Recorded data Block Start

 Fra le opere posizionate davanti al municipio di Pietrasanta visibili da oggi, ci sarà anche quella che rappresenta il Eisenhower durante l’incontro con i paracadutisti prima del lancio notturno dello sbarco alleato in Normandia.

Recorded data Block End
Recorded data Block Start

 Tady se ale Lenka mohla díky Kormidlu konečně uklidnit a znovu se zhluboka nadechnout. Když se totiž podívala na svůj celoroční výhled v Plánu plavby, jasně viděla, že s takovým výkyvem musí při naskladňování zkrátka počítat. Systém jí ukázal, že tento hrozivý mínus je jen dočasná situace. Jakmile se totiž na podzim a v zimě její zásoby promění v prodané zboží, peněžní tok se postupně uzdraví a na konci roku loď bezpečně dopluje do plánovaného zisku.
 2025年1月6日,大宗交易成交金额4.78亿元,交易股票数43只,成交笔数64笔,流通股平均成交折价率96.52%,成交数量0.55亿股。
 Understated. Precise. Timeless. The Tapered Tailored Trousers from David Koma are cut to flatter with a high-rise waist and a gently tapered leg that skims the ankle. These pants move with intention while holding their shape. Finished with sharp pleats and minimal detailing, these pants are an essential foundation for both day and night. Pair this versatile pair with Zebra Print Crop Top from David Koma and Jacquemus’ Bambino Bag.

Recorded data Block End

◆ Task statement: Using the records above, set down exactly the lines from the one with "Tady se ale" through the one with "2025年1月6日,大宗交易", inclusive, and nothing more.

◆ Result:
 Tady se ale Lenka mohla díky Kormidlu konečně uklidnit a znovu se zhluboka nadechnout. Když se totiž podívala na svůj celoroční výhled v Plánu plavby, jasně viděla, že s takovým výkyvem musí při naskladňování zkrátka počítat. Systém jí ukázal, že tento hrozivý mínus je jen dočasná situace. Jakmile se totiž na podzim a v zimě její zásoby promění v prodané zboží, peněžní tok se postupně uzdraví a na konci roku loď bezpečně dopluje do plánovaného zisku.
 2025年1月6日,大宗交易成交金额4.78亿元,交易股票数43只,成交笔数64笔,流通股平均成交折价率96.52%,成交数量0.55亿股。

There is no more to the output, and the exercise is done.